§ **What to produce**
In the listing below, find the line containing "자수기로 정교하게 재현했습니다." and the line containing "power source circuit.". Repeat exactly those two lines and every line between them.

§ **Data for this task**
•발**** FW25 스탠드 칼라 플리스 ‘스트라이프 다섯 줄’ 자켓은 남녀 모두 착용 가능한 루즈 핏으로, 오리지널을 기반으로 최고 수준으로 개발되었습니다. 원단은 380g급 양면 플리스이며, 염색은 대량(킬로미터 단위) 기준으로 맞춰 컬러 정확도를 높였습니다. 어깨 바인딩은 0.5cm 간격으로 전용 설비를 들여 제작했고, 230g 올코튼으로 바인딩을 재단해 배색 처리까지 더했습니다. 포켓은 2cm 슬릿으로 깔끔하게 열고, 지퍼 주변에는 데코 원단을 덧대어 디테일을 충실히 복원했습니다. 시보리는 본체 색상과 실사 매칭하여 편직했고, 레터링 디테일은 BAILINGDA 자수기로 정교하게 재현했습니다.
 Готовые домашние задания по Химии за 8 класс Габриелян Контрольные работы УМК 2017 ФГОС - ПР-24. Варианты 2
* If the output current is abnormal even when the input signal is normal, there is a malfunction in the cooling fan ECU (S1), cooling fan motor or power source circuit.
---
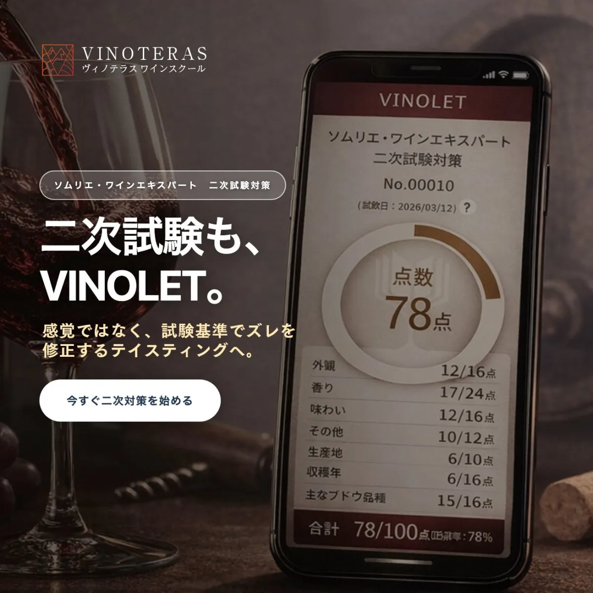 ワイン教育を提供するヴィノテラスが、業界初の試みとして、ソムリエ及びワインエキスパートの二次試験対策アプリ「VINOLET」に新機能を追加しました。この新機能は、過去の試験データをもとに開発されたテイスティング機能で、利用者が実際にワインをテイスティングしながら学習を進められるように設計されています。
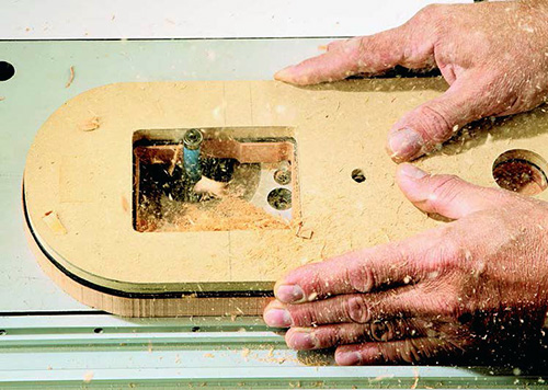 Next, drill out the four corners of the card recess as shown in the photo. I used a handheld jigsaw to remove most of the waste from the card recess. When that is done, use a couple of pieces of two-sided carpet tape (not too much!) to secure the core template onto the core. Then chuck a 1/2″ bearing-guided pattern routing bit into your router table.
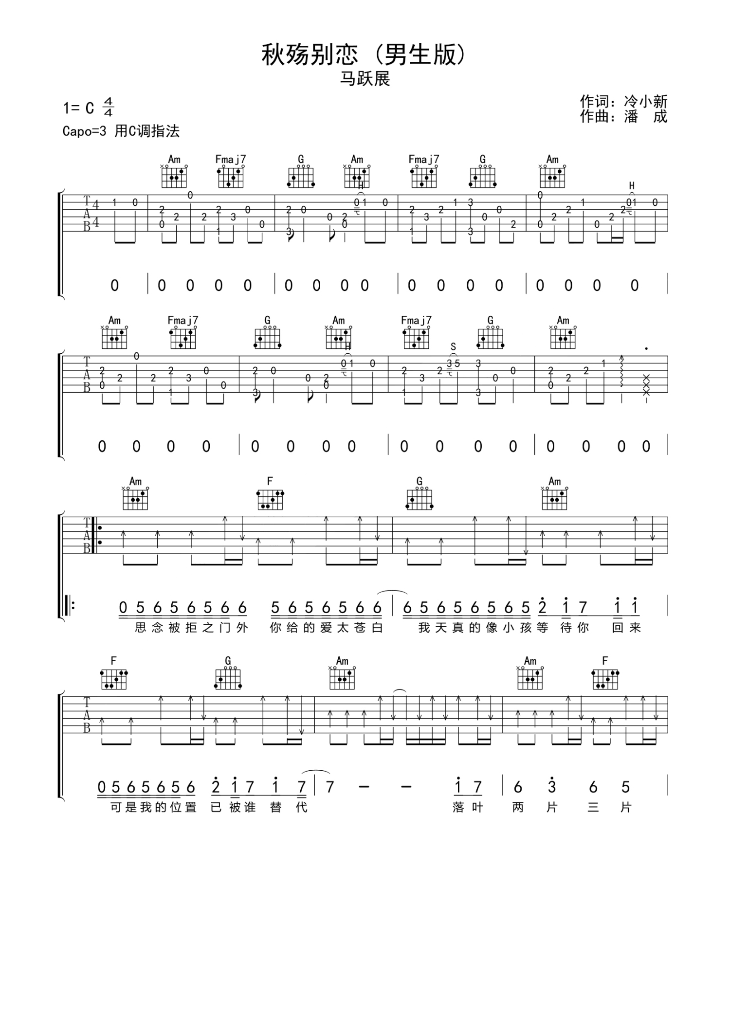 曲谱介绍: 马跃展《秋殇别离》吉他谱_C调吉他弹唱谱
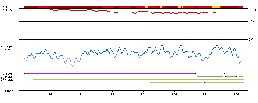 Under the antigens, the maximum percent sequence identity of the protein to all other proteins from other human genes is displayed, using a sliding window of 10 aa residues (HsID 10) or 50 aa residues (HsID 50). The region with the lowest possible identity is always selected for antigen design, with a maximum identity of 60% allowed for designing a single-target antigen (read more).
==
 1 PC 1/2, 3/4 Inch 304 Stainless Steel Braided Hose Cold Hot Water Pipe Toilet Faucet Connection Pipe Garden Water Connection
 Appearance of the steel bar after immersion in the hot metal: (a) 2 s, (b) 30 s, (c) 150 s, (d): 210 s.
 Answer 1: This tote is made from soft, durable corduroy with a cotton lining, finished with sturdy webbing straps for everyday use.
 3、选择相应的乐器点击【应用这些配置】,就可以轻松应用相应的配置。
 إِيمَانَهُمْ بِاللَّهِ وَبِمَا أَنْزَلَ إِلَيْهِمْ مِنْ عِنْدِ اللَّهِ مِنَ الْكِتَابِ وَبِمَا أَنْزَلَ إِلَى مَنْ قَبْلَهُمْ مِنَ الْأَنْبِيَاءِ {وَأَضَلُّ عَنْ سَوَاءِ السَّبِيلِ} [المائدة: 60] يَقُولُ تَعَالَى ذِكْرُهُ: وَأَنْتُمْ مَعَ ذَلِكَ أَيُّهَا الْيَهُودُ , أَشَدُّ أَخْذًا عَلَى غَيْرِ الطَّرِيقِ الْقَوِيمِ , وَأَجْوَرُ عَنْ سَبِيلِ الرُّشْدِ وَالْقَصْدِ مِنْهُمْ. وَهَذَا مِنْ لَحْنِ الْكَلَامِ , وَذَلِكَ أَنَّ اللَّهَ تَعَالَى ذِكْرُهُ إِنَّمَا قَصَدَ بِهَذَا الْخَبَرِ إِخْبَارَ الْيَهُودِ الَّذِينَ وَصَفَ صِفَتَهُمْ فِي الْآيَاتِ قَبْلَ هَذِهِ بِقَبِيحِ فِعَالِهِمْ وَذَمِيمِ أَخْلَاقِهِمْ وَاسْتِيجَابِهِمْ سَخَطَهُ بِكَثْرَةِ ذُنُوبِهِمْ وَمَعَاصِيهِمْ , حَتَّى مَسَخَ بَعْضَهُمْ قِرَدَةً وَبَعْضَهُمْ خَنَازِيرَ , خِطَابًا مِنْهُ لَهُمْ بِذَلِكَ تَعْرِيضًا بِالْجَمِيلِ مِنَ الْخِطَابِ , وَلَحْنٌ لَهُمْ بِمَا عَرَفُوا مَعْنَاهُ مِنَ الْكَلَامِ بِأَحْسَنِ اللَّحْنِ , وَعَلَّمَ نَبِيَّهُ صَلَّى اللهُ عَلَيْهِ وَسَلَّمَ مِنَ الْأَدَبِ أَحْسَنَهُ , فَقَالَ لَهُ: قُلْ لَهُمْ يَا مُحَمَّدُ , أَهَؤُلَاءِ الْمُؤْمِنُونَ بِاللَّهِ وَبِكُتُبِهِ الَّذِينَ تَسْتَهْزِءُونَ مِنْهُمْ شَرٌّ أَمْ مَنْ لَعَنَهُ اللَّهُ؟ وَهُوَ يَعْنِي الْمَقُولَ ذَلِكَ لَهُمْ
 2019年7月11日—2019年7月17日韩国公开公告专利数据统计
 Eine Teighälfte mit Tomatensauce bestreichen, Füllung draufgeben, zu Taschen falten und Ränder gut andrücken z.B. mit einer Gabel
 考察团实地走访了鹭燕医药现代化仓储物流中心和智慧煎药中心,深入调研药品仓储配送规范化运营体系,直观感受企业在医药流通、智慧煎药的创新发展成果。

§ **Written answer**
•발**** FW25 스탠드 칼라 플리스 ‘스트라이프 다섯 줄’ 자켓은 남녀 모두 착용 가능한 루즈 핏으로, 오리지널을 기반으로 최고 수준으로 개발되었습니다. 원단은 380g급 양면 플리스이며, 염색은 대량(킬로미터 단위) 기준으로 맞춰 컬러 정확도를 높였습니다. 어깨 바인딩은 0.5cm 간격으로 전용 설비를 들여 제작했고, 230g 올코튼으로 바인딩을 재단해 배색 처리까지 더했습니다. 포켓은 2cm 슬릿으로 깔끔하게 열고, 지퍼 주변에는 데코 원단을 덧대어 디테일을 충실히 복원했습니다. 시보리는 본체 색상과 실사 매칭하여 편직했고, 레터링 디테일은 BAILINGDA 자수기로 정교하게 재현했습니다.
 Готовые домашние задания по Химии за 8 класс Габриелян Контрольные работы УМК 2017 ФГОС - ПР-24. Варианты 2
* If the output current is abnormal even when the input signal is normal, there is a malfunction in the cooling fan ECU (S1), cooling fan motor or power source circuit.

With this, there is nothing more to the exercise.